Центральный пункт аллегории – восхождение из пещеры на свет – означает путь познания умопостигаемой [17, c. 319], неизменной Истины. Платон заключает: тот будет лучше управлять государством, кто познал смысл вещей и не довольствуется мнениями и домыслами о вещах других людей. Слеп тот правитель, у которого слабо «познание сущности любой вещи и у кого в душе нет отчетливого ее образа»[17, c. 285].

Смысл противопоставления реального видимому в мифе о Пещере гносеологический: уподобить Пещеру и мир вне пещеры (солнечный свет, солнце), дабы проиллюстрировать замену опоры на чувственное познание опорой на умопостижение. Реальность пещеры – есть иллюзия истинности нашего чувственного познания. Глазам, равно как и другим органам чувств, нельзя доверять, говорит Сократ своим собеседникам. Лишь в ярком свете Солнца можно познать идею Блага (или стремиться к ней, распознавая ее в прекрасном, соразмерном и т.д.). Смотреть на тени в пещере – все равно, что ничего не видеть.

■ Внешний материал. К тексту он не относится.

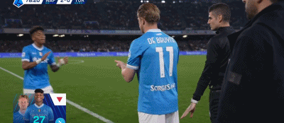 第79分钟,德布劳内时隔四个月伤愈复出,那不勒斯看台球迷掌声雷动。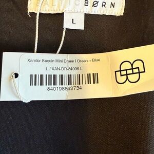 Stunning Baltic Born Xander sequin mini dress in an eye catching green and blue iridescent sequin fabric that shifts colors in the light. Perfect for holiday parties, New Years Eve, weddings, or special events.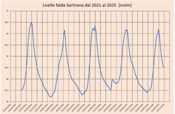 La figura 4 evidenzia il calo dei picchi tardo estivi e la riduzione del volume annuale complessivamente rallentato dalla falda freatica.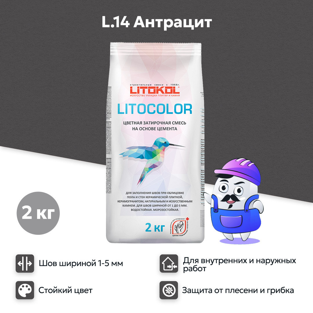 Купить Цементная затирка LITOKOL LITOCOLOR L.14 антрацит 2 кг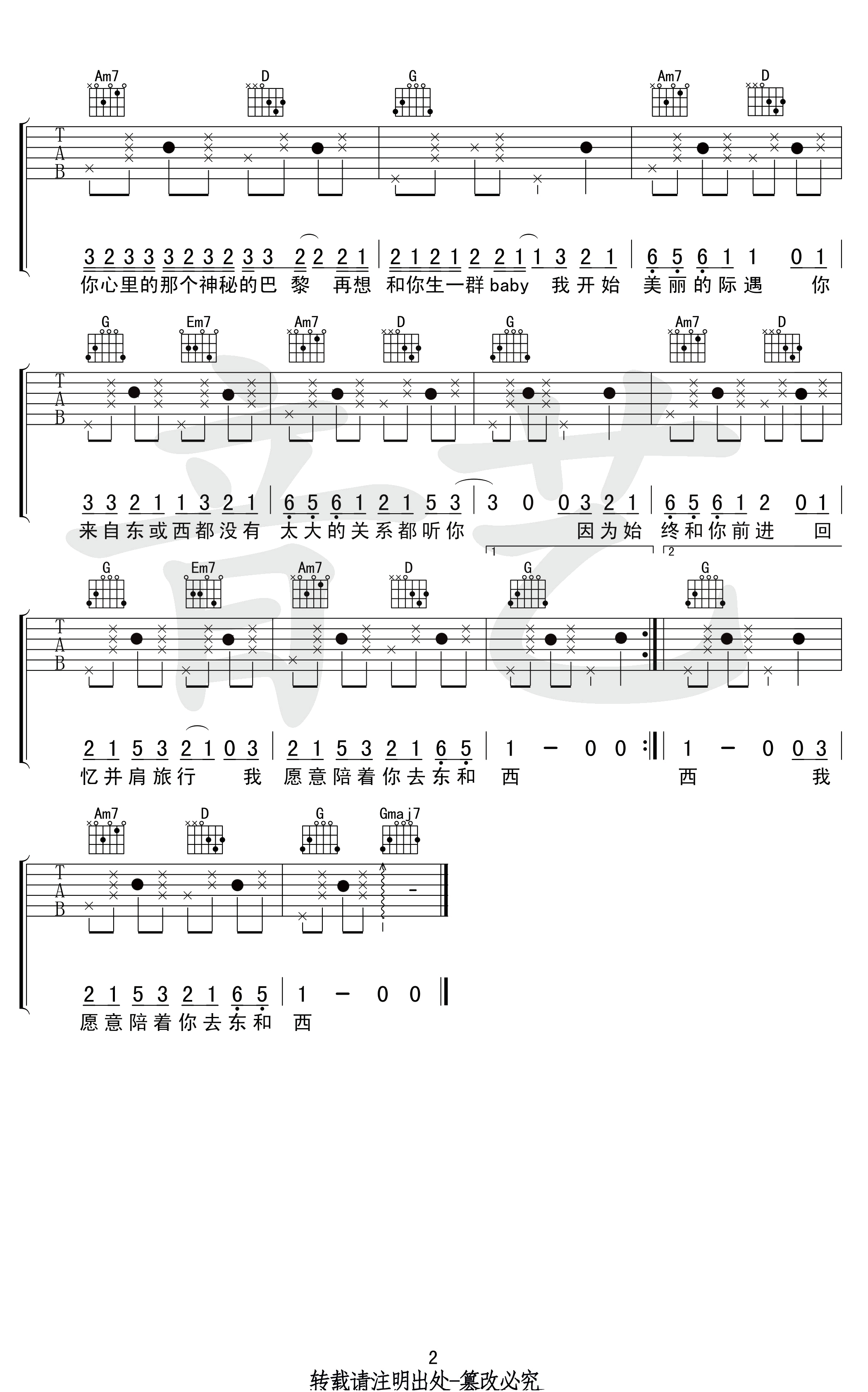 曲谱介绍: 林俊呈《东西》吉他谱,原调降A,选用G调指法编配,变调夹夹一品,少年温暖的歌声演绎动人甜蜜的爱情。东西吉他弹唱谱,高清图片六线谱,感谢音艺吉他编配,91吉他谱网站上传分享 一首撩妹必练曲目,清新欢快的曲调,唱出恋爱最单纯和美好的点点滴滴,将两人世界的浪漫都融入到歌曲的旋律里。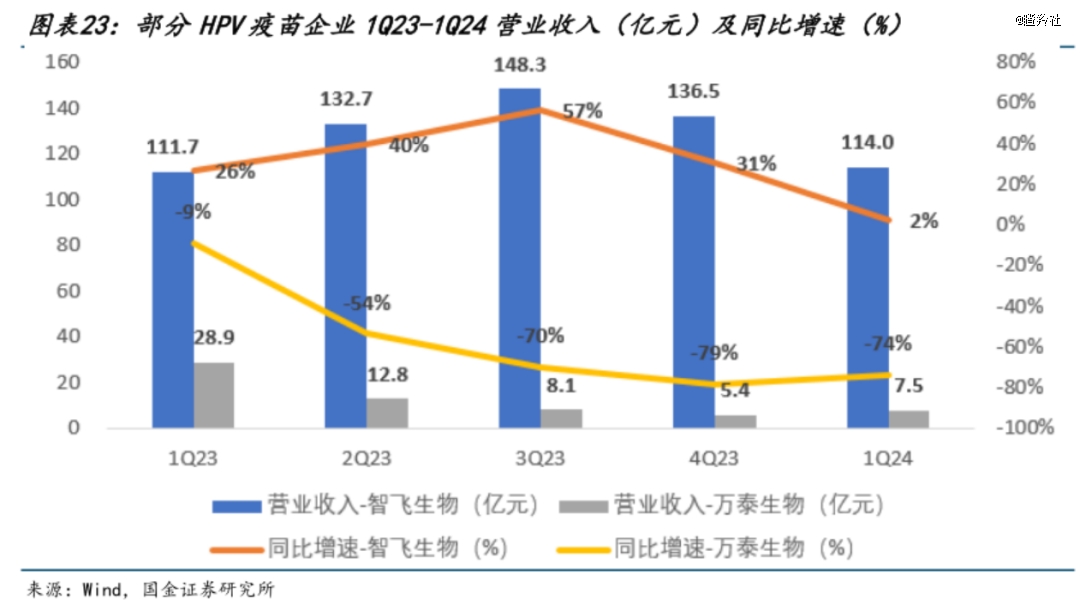 HPV疫苗板塊的疲軟,從2024Q1智飛生物和萬泰生物的業(yè)績上,可能就初見端倪,萬泰生物可以解釋是產(chǎn)品降價(jià)帶來的影響,而智飛生物只錄得個(gè)位數(shù)增幅,未免有些乏力。

Говоря об органах чувств, Платон упоминает о зримости, но это слово не имеет общеупотребительного значения. «Видение» в платоновском смысле означает ясное умопостижение, значение видеть перенесено на область познавательного акта и сохраняет с этим словом разве что общность механизма: и в том, и в другом случае механизм видения один. «Видимое» в терминологии Платона, однако, имеет и другой смысл. Ясно созерцать идеи, «видеть» их сможет не каждый (только философ). Совсем иначе обстоит дело с вещами: их видит каждый. Область чувственного познания – есть видимость. Видимость – это иллюзия реальности, и, в соответствии с этим, вещи – иллюзорны. Мир Идей – есть истинная реальность. Апеллируя к истинной реальности мы, вспомнив о кино, будем искать сущность искусства, так как сущности возникают и пребывают вне пределов иллюзии, чувственной реальности.

Миф о Пещере есть репрезентация метода уподобления, которую использует Платон. Пещера уподоблена видимости и иллюзии чувств, Солнце – истинности и восхождению к идее Блага: «Так вот, это уподобление следует применить ко всему, что было сказано ранее: область, охватываемая зрением, подобна тюремному жилищу, а свет от огня уподобляется в ней мощи Солнца. Восхождение и созерцание вещей, находящихся в вышине, - это подъем души в область умопостигаемого» [17, 324].

Какая связь между символом пещеры Платона и кинематографом?

 

3. Реальное и виртуальное

Канадский эстетик Иэн Джарви критикует позицию аналогичности пещеры фильму. Джарви пишет о том, что зрители каждый раз воспроизводят аллегорию Пещеры [28, p. 48]. Зрители смотрят фильм, - иллюзорную реальность, в которой показаны только явления вещей, но не сами вещи, а потом, когда фильм заканчивается, зрители «возвращаются» в действительность из этой иллюзии. Джарви сразу определяет сущность мифа о Пещере в различении видимого (appearance) и реального (reality) [28, p. 45]. Он доказывает, что аналогия с пещерой к кинематографу не применима: «на протяжении сеанса мы не перемещаемся из существующего мира в воображаемый... мы создаем реальные условия в реальном мире для того, чтобы ощутить мир, который мы знаем, как мир нереальный» [28, p. 51].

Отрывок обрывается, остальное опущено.